== Work instructions ==
Leaving out pictures, output exactly the lines below from the one that has "Megljar 90 Fogão" through the one that has "شکل ۱. خطوط لوله گاز طبیعی روسیه به اروپا", and nothing else.

--- Input data Enclosed Below ---

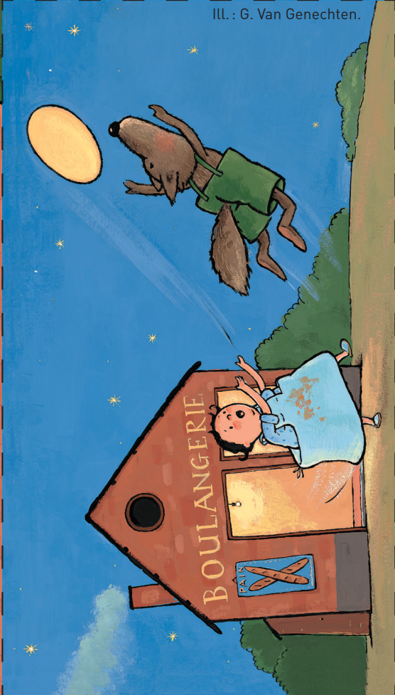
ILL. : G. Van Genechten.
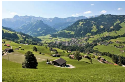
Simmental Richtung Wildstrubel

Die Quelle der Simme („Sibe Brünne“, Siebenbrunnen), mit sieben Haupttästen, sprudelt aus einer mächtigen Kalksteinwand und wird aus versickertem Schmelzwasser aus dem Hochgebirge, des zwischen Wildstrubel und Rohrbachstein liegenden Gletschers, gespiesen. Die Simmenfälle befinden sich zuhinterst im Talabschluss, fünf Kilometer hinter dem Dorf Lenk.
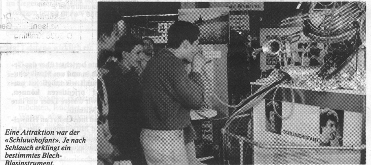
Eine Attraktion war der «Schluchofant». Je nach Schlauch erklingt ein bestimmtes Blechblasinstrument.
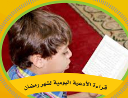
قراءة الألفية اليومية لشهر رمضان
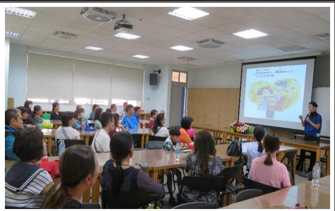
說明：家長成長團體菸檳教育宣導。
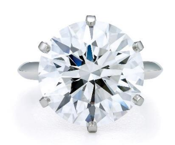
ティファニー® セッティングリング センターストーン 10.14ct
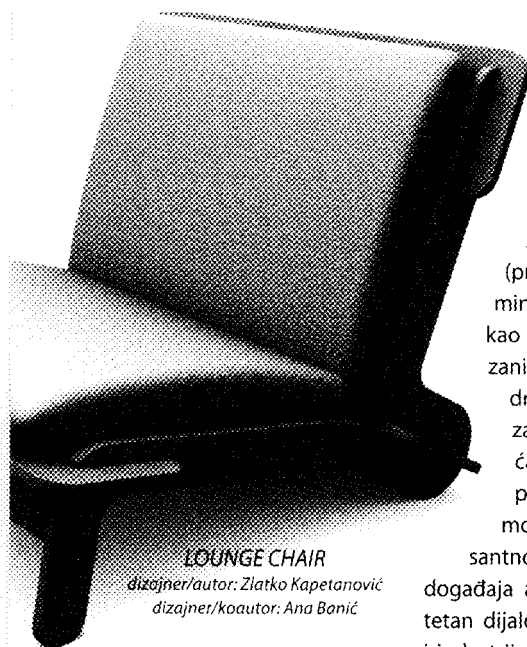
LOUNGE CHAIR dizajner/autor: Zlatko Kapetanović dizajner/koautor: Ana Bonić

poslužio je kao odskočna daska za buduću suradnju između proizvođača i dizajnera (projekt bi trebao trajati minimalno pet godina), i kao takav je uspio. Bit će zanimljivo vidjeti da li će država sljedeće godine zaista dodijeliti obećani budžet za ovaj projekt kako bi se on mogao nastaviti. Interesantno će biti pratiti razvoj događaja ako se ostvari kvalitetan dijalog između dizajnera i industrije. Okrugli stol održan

--- End of Enclosed Input data ---
--- Input data Enclosed Below ---

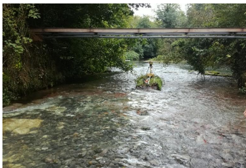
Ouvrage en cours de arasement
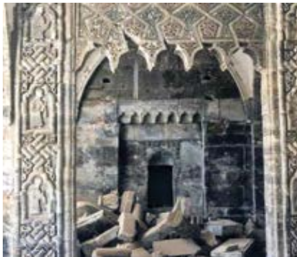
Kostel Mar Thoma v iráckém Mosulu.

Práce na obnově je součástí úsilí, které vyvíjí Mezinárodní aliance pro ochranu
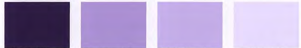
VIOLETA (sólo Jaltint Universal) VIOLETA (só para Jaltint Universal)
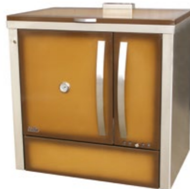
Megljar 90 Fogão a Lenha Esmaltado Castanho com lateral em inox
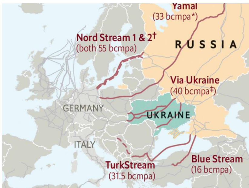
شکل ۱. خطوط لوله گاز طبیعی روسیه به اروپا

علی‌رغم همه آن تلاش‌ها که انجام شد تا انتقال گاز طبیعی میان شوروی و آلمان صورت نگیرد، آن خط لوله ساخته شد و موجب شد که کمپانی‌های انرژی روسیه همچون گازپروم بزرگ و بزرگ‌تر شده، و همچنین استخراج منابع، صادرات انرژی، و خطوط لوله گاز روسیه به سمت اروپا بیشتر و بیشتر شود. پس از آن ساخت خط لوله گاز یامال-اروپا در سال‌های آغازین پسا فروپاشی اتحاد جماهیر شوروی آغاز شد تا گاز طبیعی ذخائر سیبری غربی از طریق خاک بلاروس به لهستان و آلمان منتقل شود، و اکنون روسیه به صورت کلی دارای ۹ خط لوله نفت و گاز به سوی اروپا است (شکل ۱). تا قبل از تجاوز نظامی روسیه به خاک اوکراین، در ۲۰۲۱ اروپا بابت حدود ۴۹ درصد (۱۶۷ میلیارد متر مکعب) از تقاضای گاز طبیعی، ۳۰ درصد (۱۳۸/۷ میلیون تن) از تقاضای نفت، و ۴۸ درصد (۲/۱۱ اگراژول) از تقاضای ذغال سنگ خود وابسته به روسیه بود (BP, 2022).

--- End of Enclosed Input data ---

== Result ==
Megljar 90 Fogão a Lenha Esmaltado Castanho com lateral em inox
شکل ۱. خطوط لوله گاز طبیعی روسیه به اروپا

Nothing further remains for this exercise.